What to produce. A faithful, word-for-word copy of the records is required, and it must contain no pictures.

Records for the task.

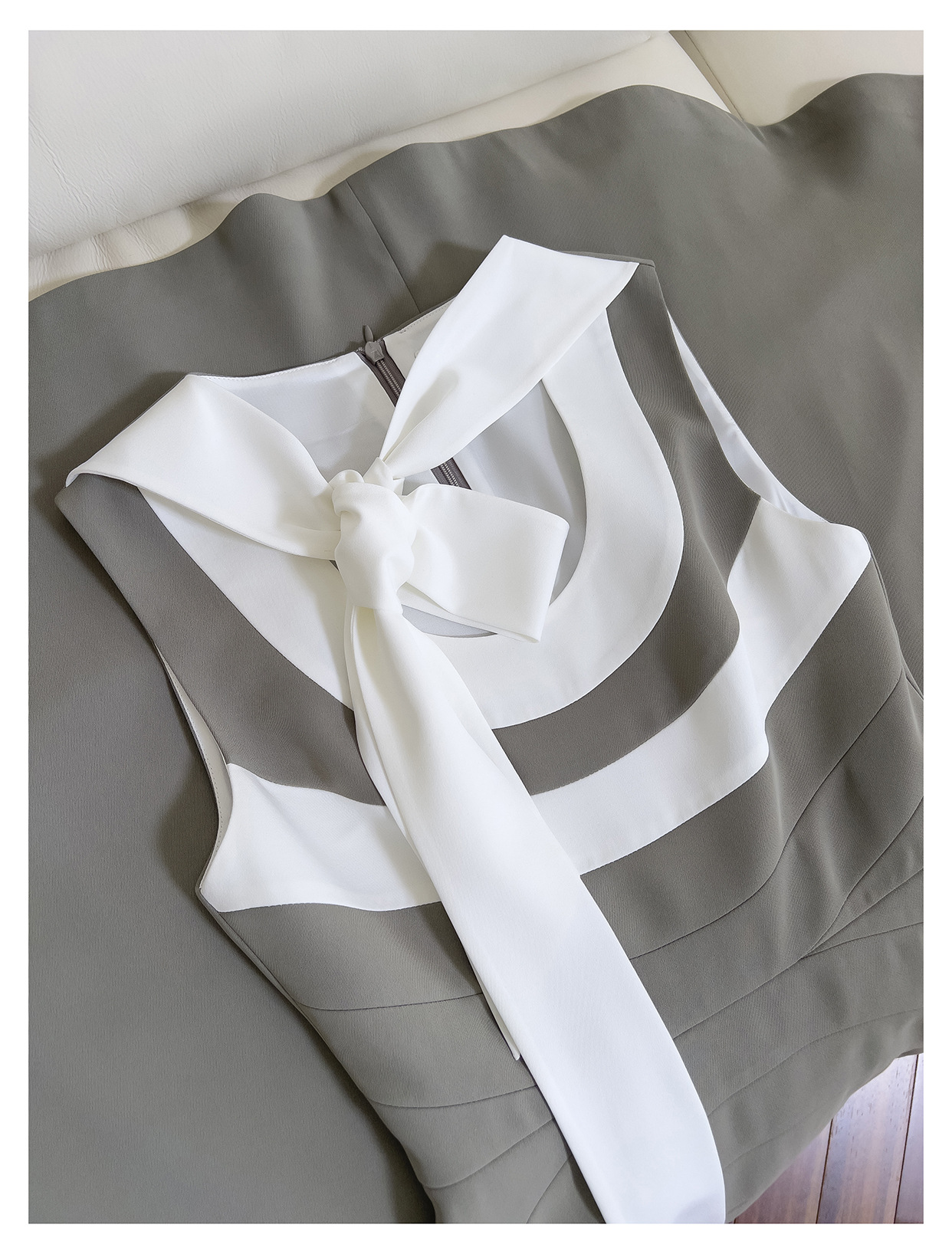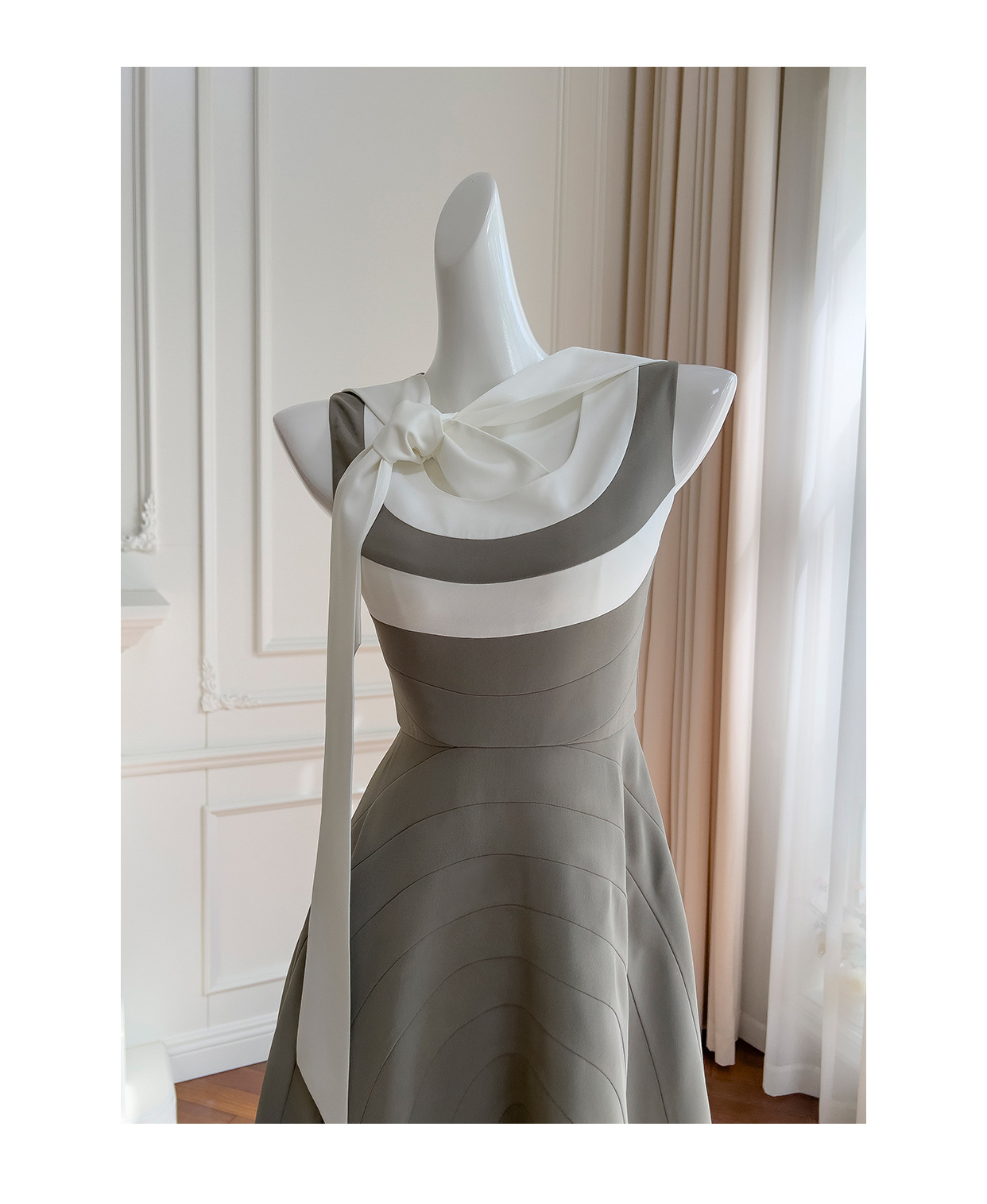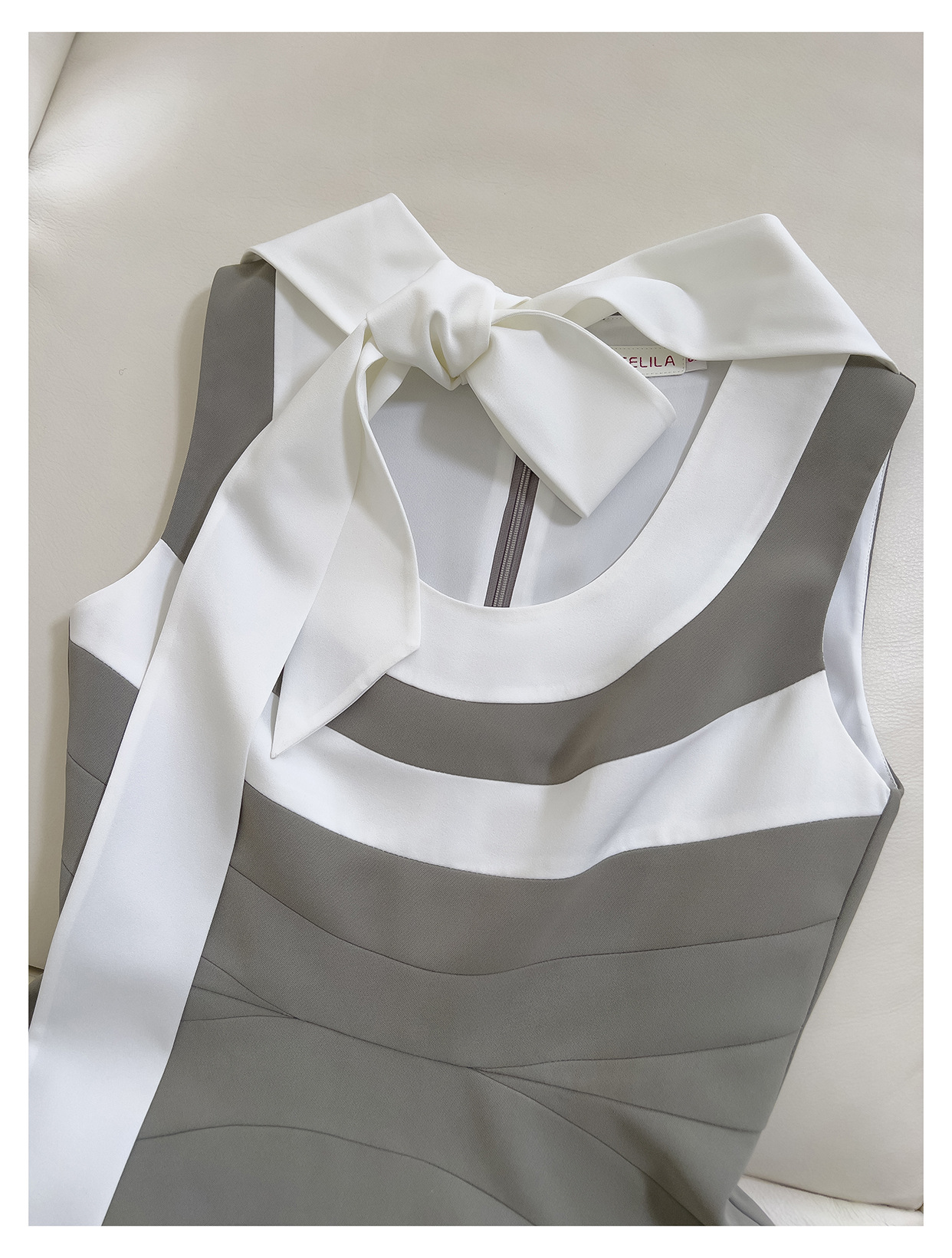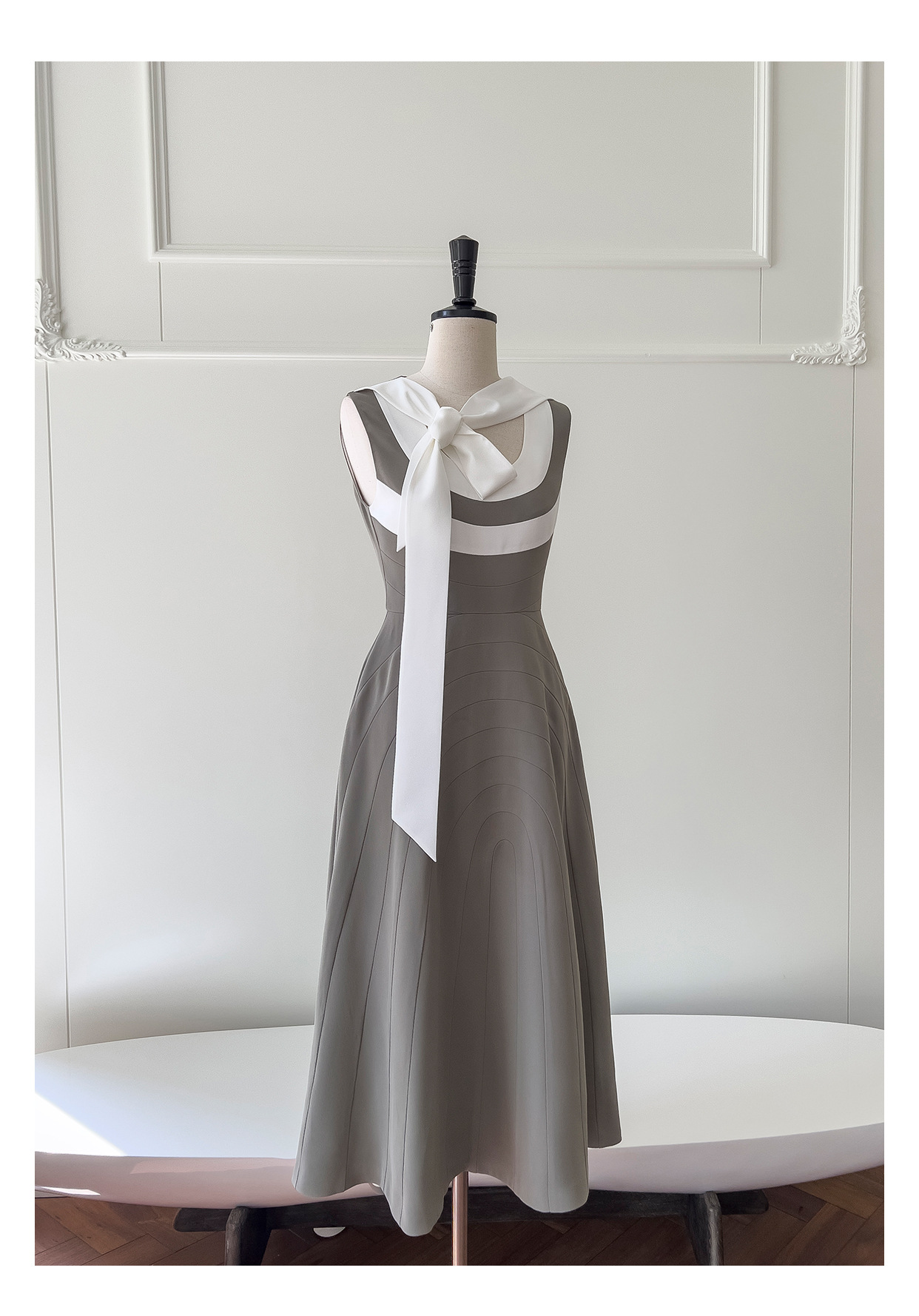 Robe sans manches de couleur contrastée rétro française
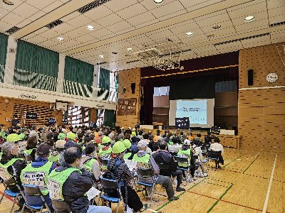 2日(日)に本校校庭やアリーナで8町会合同防災訓練が行われ約200名の方々が参加されました。はじめに荻窪消防署天沼出張所長より防災についてのお話があり、初期消火の大切さを再確認しました。
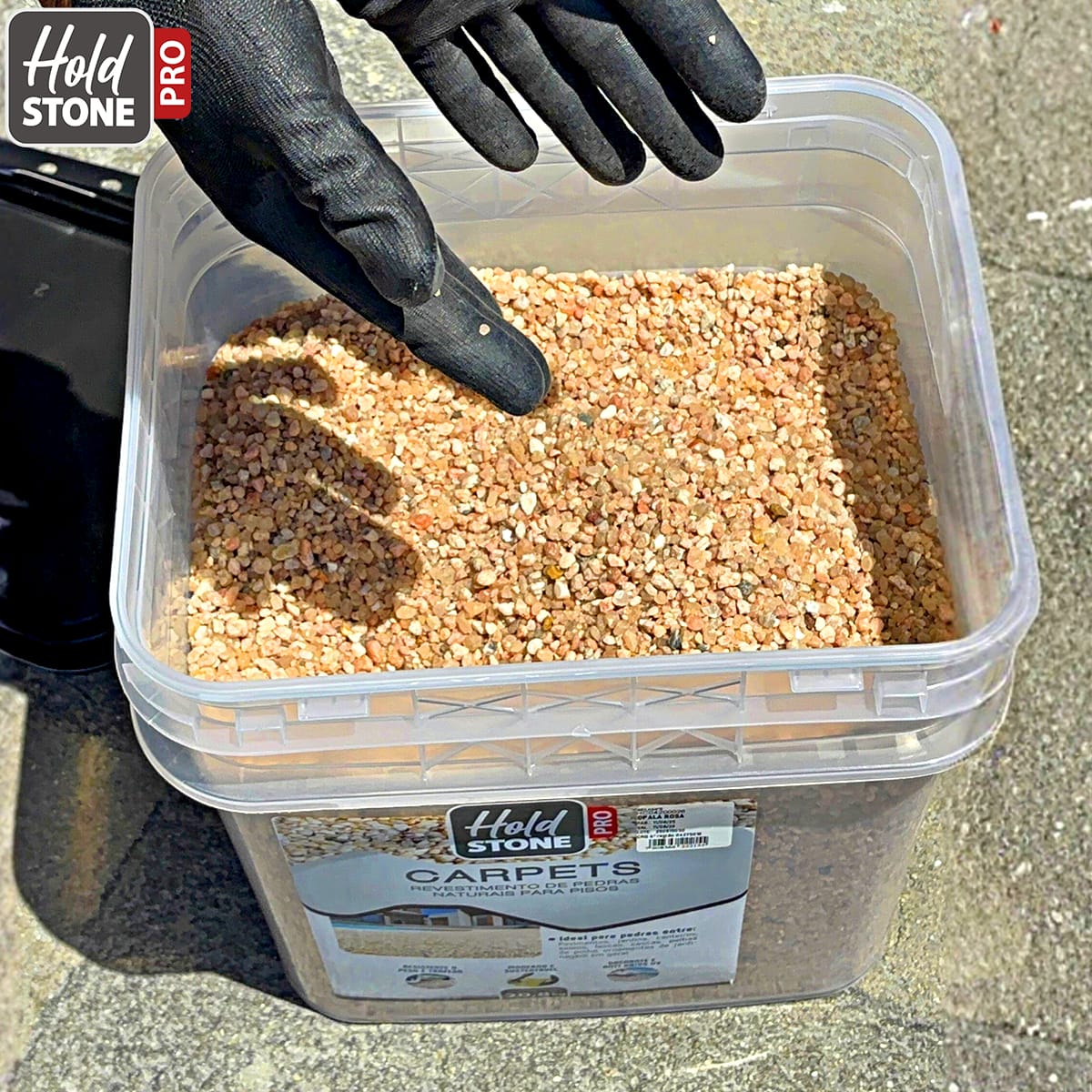 Hold Stone Pro, com a dosagem exata já calculada para a quantidade de pedras do balde, garantindo aplicação rápida, simples e com resultado perfeito.
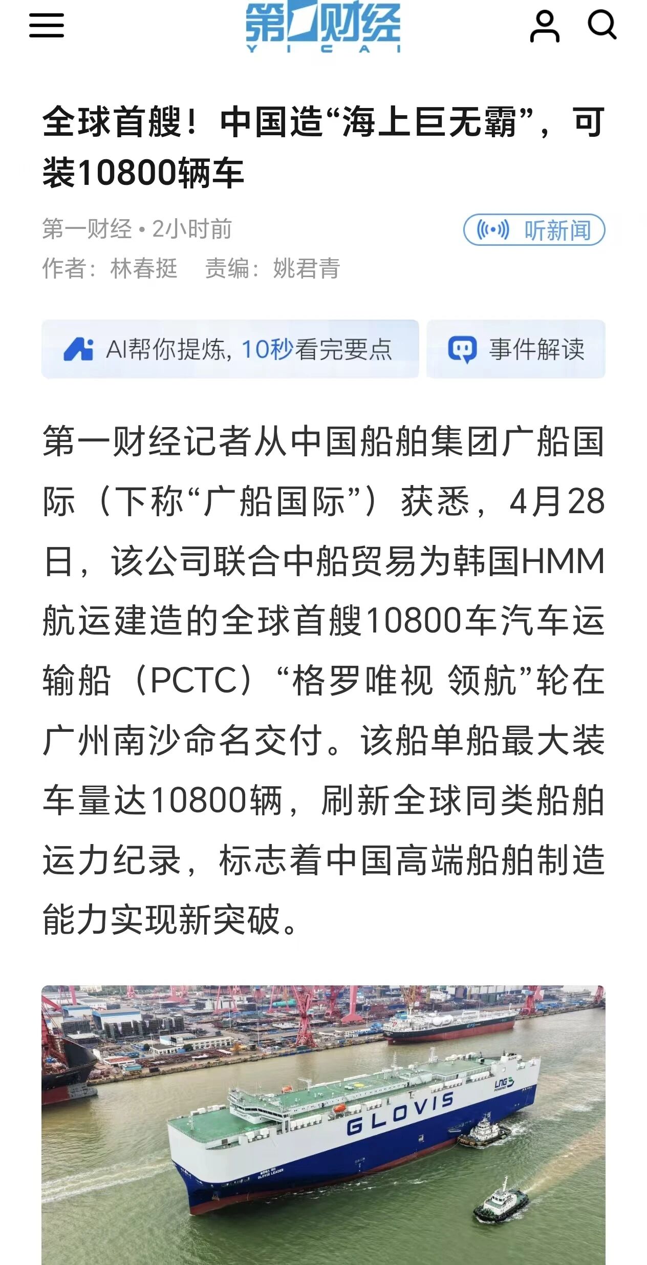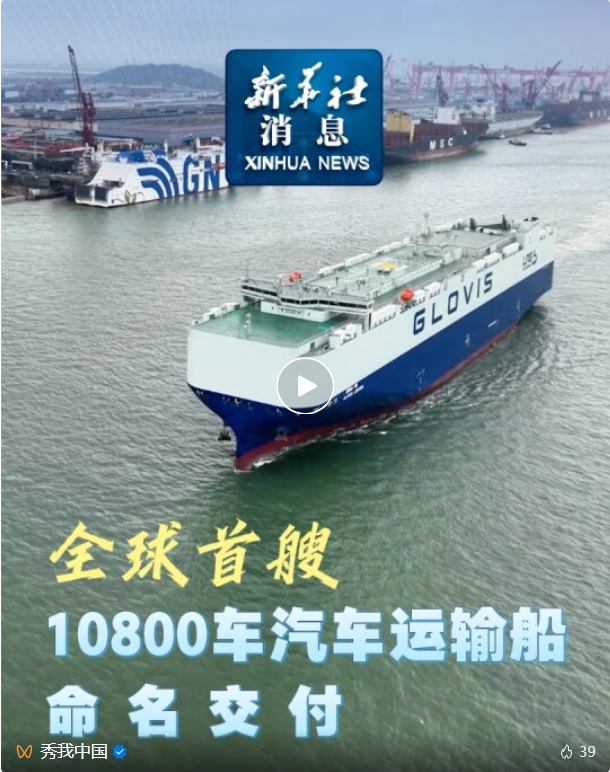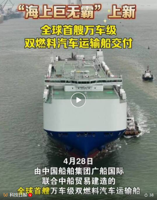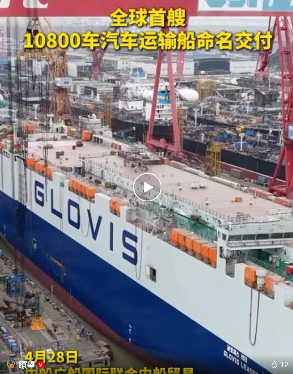 今天(4月28日),央视《新闻联播》对全球首艘10800车汽车运输船交付进行了关注报道。该船由中国船舶集团有限公司旗下六〇四院研发设计、广船国际联合中船贸易建造、七〇四所提供关键配套。
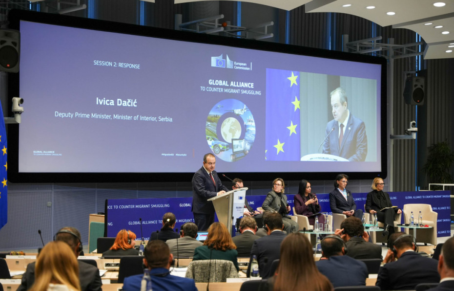 "Na ovoj konferenciji, drugoj po redu koju je organizovala Evropska komisija, učestvovalo je više od 20 ministara iz više od 50 zemalja. Ja sam izrazio zadovoljstvo načinom na koji Srbija postupa u slučajevima migracija. Mi nemamo problem sa migrantima, zato što smo i na vreme taj problem predupredili, ali učestvujemo u Globalnoj alijansi, pre svega zbog alata koji se koriste, jer svako krijumčarenje migranata podrazumeva angažovanje određenih kriminalnih mreža", rekao je Dačić u izjavi nakon učešća na konferenciji.
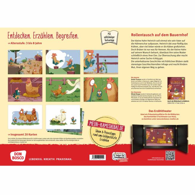 Hahn Heinrich soll in die Fußstapfen seines Vaters treten, eines Tages auf die gesamte Schar Hühner aufpassen und natürlich entsprechend krähen. Obwohl Klein-Heinrich ordentlich übt, überzeugt ihn diese Aufgabe so gar nicht. Viel lieber möchte er seiner Mutter beim Brüten helfen. Sein Wunsch löst zunächst erst einmal Unverständnis aus, denn einen brütenden Hahn hat es ja noch nie gegeben. Doch warum soll eigentlich ein Hahn kein guter Brüter sein? Heinrichs Mutter gibt ihm ein Ei. Wie Heinrich sich beim Brüten schlägt, warum Rollenklischees längst überholt sind und warum alle einfach tun sollten, womit sie sich wohlfühlen, erfahren Ihre Kinder im Kamishibai Erzähltheater.

Result for this task.
 Robe sans manches de couleur contrastée rétro française
 2日(日)に本校校庭やアリーナで8町会合同防災訓練が行われ約200名の方々が参加されました。はじめに荻窪消防署天沼出張所長より防災についてのお話があり、初期消火の大切さを再確認しました。
 Hold Stone Pro, com a dosagem exata já calculada para a quantidade de pedras do balde, garantindo aplicação rápida, simples e com resultado perfeito.
 今天(4月28日),央视《新闻联播》对全球首艘10800车汽车运输船交付进行了关注报道。该船由中国船舶集团有限公司旗下六〇四院研发设计、广船国际联合中船贸易建造、七〇四所提供关键配套。
 "Na ovoj konferenciji, drugoj po redu koju je organizovala Evropska komisija, učestvovalo je više od 20 ministara iz više od 50 zemalja. Ja sam izrazio zadovoljstvo načinom na koji Srbija postupa u slučajevima migracija. Mi nemamo problem sa migrantima, zato što smo i na vreme taj problem predupredili, ali učestvujemo u Globalnoj alijansi, pre svega zbog alata koji se koriste, jer svako krijumčarenje migranata podrazumeva angažovanje određenih kriminalnih mreža", rekao je Dačić u izjavi nakon učešća na konferenciji.
 Hahn Heinrich soll in die Fußstapfen seines Vaters treten, eines Tages auf die gesamte Schar Hühner aufpassen und natürlich entsprechend krähen. Obwohl Klein-Heinrich ordentlich übt, überzeugt ihn diese Aufgabe so gar nicht. Viel lieber möchte er seiner Mutter beim Brüten helfen. Sein Wunsch löst zunächst erst einmal Unverständnis aus, denn einen brütenden Hahn hat es ja noch nie gegeben. Doch warum soll eigentlich ein Hahn kein guter Brüter sein? Heinrichs Mutter gibt ihm ein Ei. Wie Heinrich sich beim Brüten schlägt, warum Rollenklischees längst überholt sind und warum alle einfach tun sollten, womit sie sich wohlfühlen, erfahren Ihre Kinder im Kamishibai Erzähltheater.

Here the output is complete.